Direkt zum Inhalt
Für eine andere Entwicklungspolitik!

Beitrag vom 03.07.2019

NZZ

Fleischkonsum und Konflikte um Weidegründe

Der Fleischkonsum in Afrika nimmt rapide zu. Das Fleisch stammt oft von den Herden nomadischer Viehhirten. Die Konflikte mit Bauern verschärfen sich.

David Signer, Dakar

In Europa geht der Trend Richtung weniger Fleisch. In Afrika ist das anders: Eine Mahlzeit ohne Fleisch gilt nicht als richtiges Essen. Die meisten würden gerne mehr Fleisch konsumieren, wenn sie könnten. Vegetarier gibt es praktisch nicht. Mit dem starken Bevölkerungswachstum und der anschwellenden Mittelklasse steigt auch die Nachfrage nach Fleisch. Ein gutes Beispiel ist Nigeria: In dem Land mit der grössten Wirtschaft des Kontinents und fast 200 Mio. Einwohnern werden jährlich 360 000 Tonnen Rindfleisch konsumiert. Man nimmt an, dass sich der Konsum bis 2050 vervierfacht. Der Viehbestand in Nigeria beträgt 20 Mio. Rinder, 40 Mio. Schafe und 60 Mio. Ziegen. Ein Drittel der geschlachteten Tiere kommt allerdings aus dem Ausland, vor allem aus Mali, Niger, Tschad und Kamerun. Es handelt sich dabei um Vieh von Nomaden. Oft ziehen die Herden Hunderte von Kilometern über Land, bevor sie die grossen Märkte an der Grenze erreichen. Von dort werden die Tiere dann per Lastwagen in Millionenstädte wie Lagos transportiert.

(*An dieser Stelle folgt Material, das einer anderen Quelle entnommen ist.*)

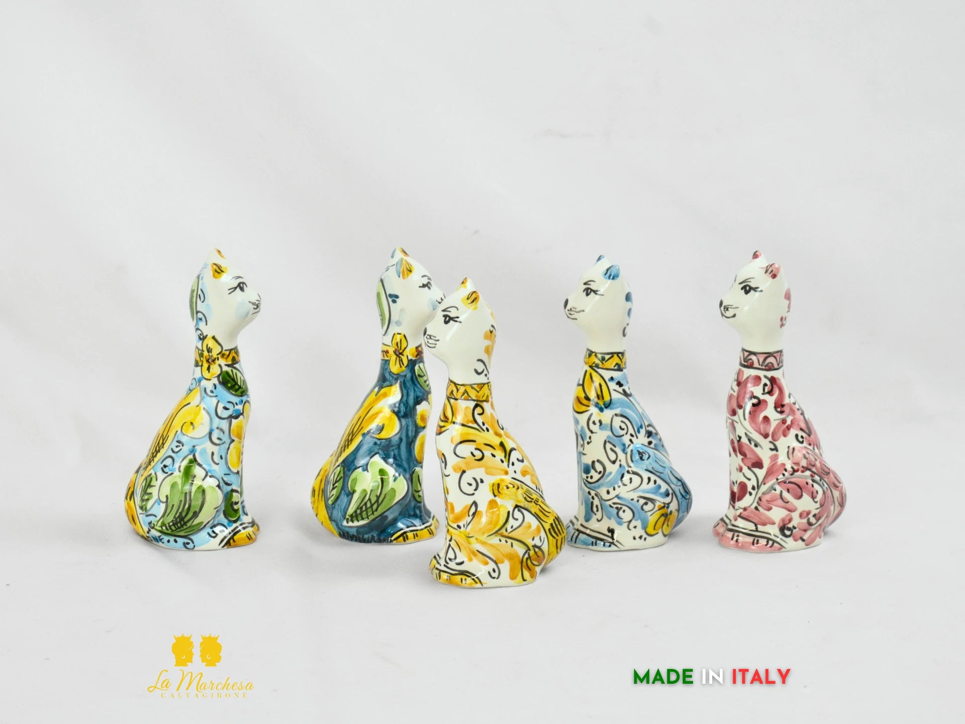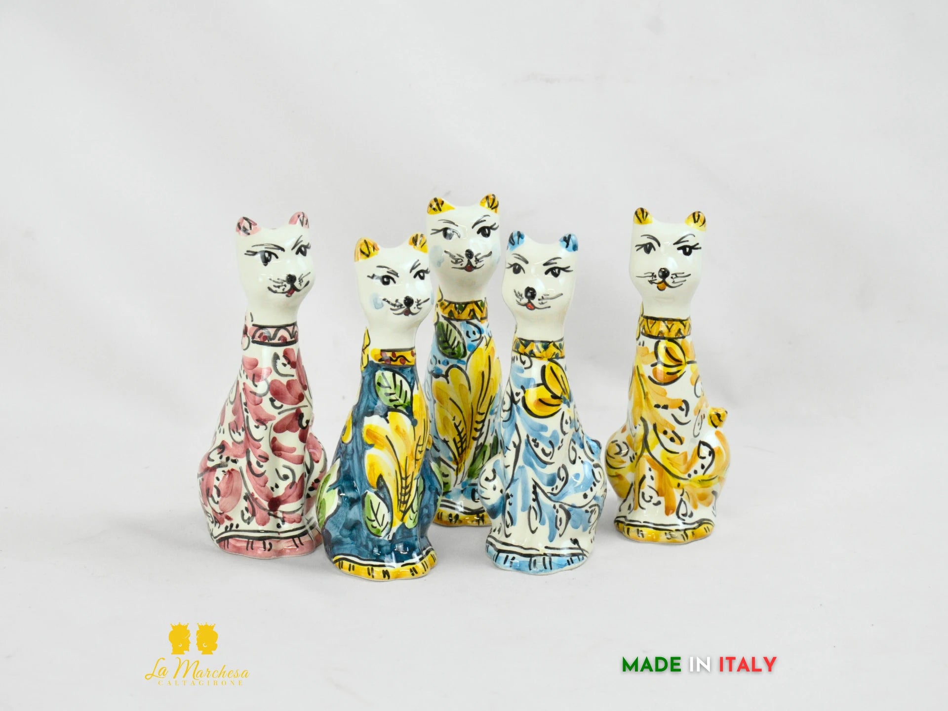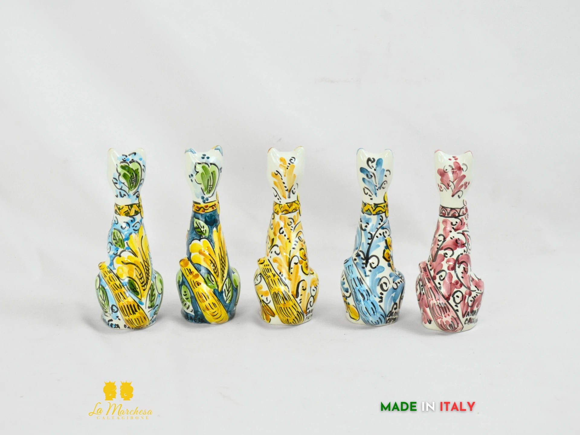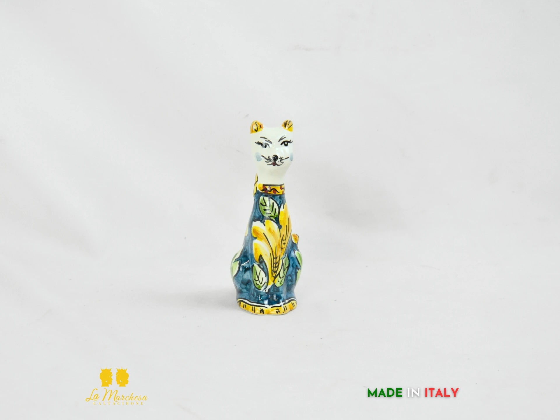 Ideale come oggetto decorativo per la casa, la scrivania o una vetrina, il gatto in ceramica è perfetto per chi ama l’artigianato italiano e desidera portare in casa un simbolo di eleganza e protezione. Disponibile in diverse versioni cromatiche, ogni pezzo è firmato a mano e racconta la storia dell’eccellenza ceramica calatina.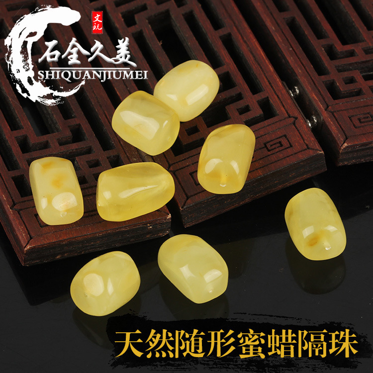 天然随形蜜ろう隔珠鶏油黄蜜桶珠散珠diyブレスレット手串アクセサリー星月菩提部品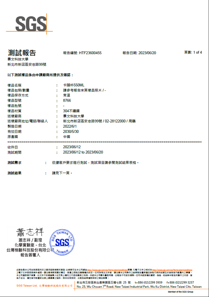 馬祖卡蹓杯SGS送檢結果無異常 --閱讀人次 : 797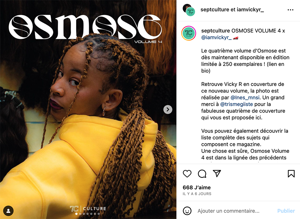 "Si demain, je ne peux plus payer l’hébergement du site, je perds six ans de travail. Par contre, je peux retrouver les trois premiers numéros du magazine dans ma bibliothèque", (Florian Garcia, du magazine Osmose)Do it yourself et tirages limités Pas de quoi freiner les nouveaux titres lancés ces dernières années. Version papier du média en ligne Cul7ure, le semestriel Osmose en est déjà à son quatrième numéro, avec la rappeuse et beatmakeuse Vicky R en couverture. Autre exemple : le "blingzine" Hip-hop 33 Carats. Ce magazine bilingue en français et en anglais, qui existe depuis 2020 en papier, a sorti en mars son sixième numéro, avec une photo d’Aaliyah en une. Le titre compte d’ailleurs sortir 33 numéros au total.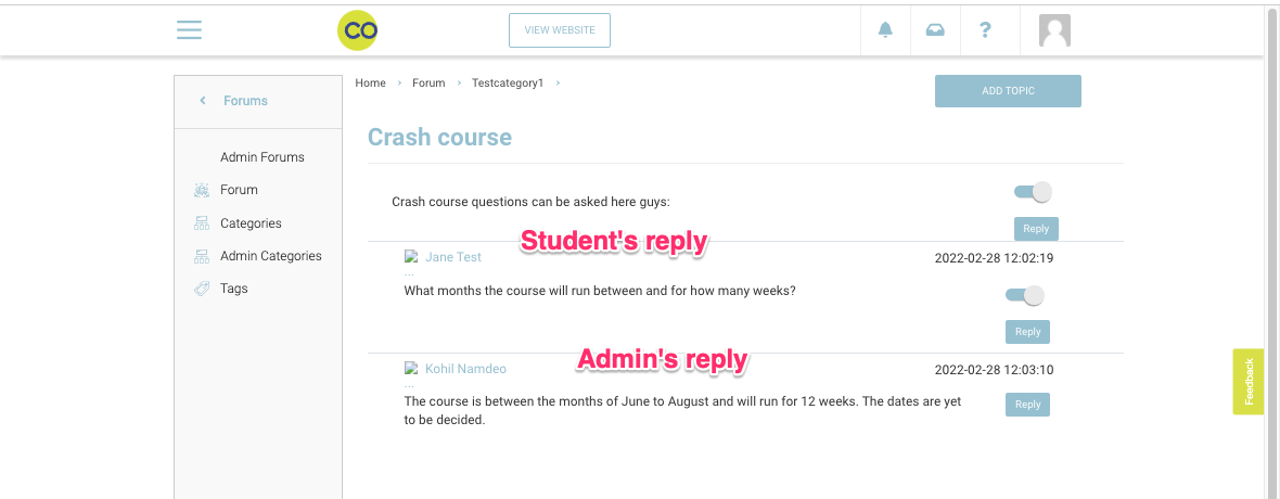 Outcome: Your reply on the topic as an admin will be posted and available for students to view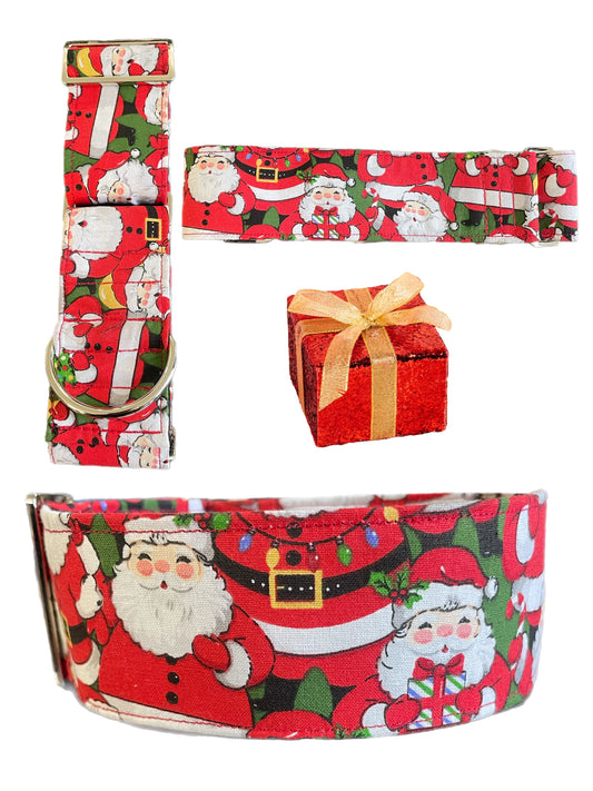 Christmas with Santa Greyhound Martingale collar cotton covered 50mm width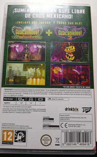 Colección de juegos Guacamelee! para Nintendo Switch. - Incluye Guacamelee! Super Turbo Championship Edition. - Incluye Guacamelee! 2. - Clasificación PEGI 12.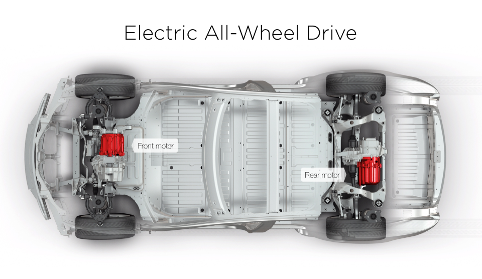 Tesla's dual-motor all-wheel drive technology boosts driving range. Image source: Tesla Motors.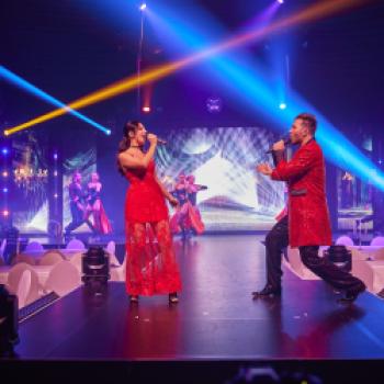 Die vier Köche richten auch an. Auf einem etwa drei Meter langen Fließband fahren die Teller langsam an ihnen vorbei, jeder Kochmacht nur wenige Handgriffe – aber die müssen sitzen, und zwar in Perfektion. „In 15, spätestens 20 Minuten sind alle 350 Essen serviert“, gibt der Chef die Marschrichtung vor. Die Teller sind allesamt angewärmt. „Nichts ist schlimmer, als wenn ein warmes Essen auf einen kalten Teller kommt“, so Adam. Damit alles reibungslos funktioniert, absolviert die Crew vor der Premiere ein einwöchiges „Trainingslager“. Weitere große Herausforderung: es muss nicht nur einen Abend perfekt klappen, sondern 75 Abende hintereinander. „Über eine so lange Zeit muss man das Team immer wieder motivieren und bei Laune halten“, weiß der Chefkoch.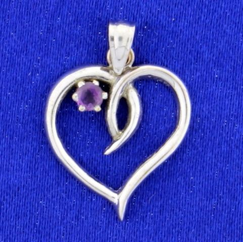 In 14k white gold this pendant is 7/8inches long with bale. It has a 3mm round amethyst gemstone. 1.7g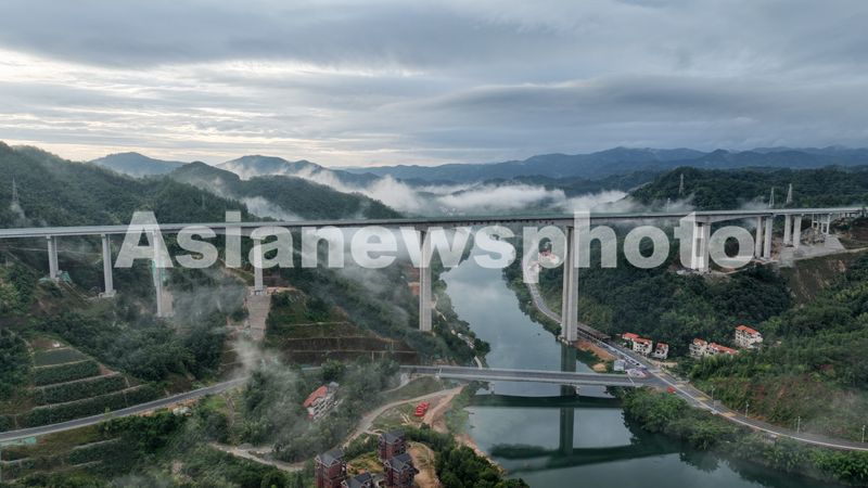 图片说明:2025年9月25日,江西省吉安市遂川至赣州市大余高速公路(遂大高速),似巨龙蜿蜒于青山绿水间,桥梁跨河越谷,在云雾缥缈中气势恢宏。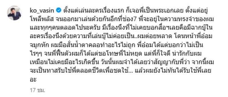 ล่าสุด โก้ วศิน เพื่อนอีกคนของหนุ่มอ๋อม ได้ออกมาเผยอีกมุม ที่สื่อก็ยังไม่เคยรู้มาก่อนกับเหตุการณ์ที่เกิดขึ้นในกองละคร โก้เล่าว่า ตั้งแต่เล่นละครเรื่องแรก ก็เจอพี่เป็นพระเอกเลย ตั้งแต่อยู่โพลีพลัส จนออกมาเล่นด้วยกันอีกที่ช่อง7 พี่จะอยู่ในความทรงจำของผมและทุกๆคนตลอดไปนะครับ

Traditionelle nomadische Viehzucht erfordert zwar wenig Investitionen – die Tiere fressen, was sie finden –, aber sie ist auch wenig produktiv und führt immer häufiger zu Konflikten mit Bauern. Denn während der Trockenzeit wandern die Hirten aus den ariden Sahelgebieten Richtung Süden, wo es mehr Wasser und Wiesen gibt. Wegen Bevölkerungswachstum, Verstädterung und Dürren werden die Weide- und Pflanzflächen jedoch knapp; der Kampf zwischen Sesshaften und Wanderhirten um die Ressourcen spitzt sich zu. In Nigeria haben solche Zusammenstösse in den letzten fünf Jahren 7000 Tote gefordert.

Ein Gesetz sieht seit den sechziger Jahren zwar für Herden reservierte Weidegründe vor; in Wirklichkeit gibt es sie aber kaum. Der Handel mit Vieh, Fleisch und Milch ist ausserdem meist informell, auf den Märkten und in den Schlachthöfen fehlt es oft sogar an fliessendem Wasser und Kühlräumen. Die Produktivität könnte mit wenig Input gesteigert werden, was auch die Konflikte reduzieren würde. In den Budgets vieler afrikanischer Landwirtschaftsministerien figuriert die Viehzucht jedoch kaum.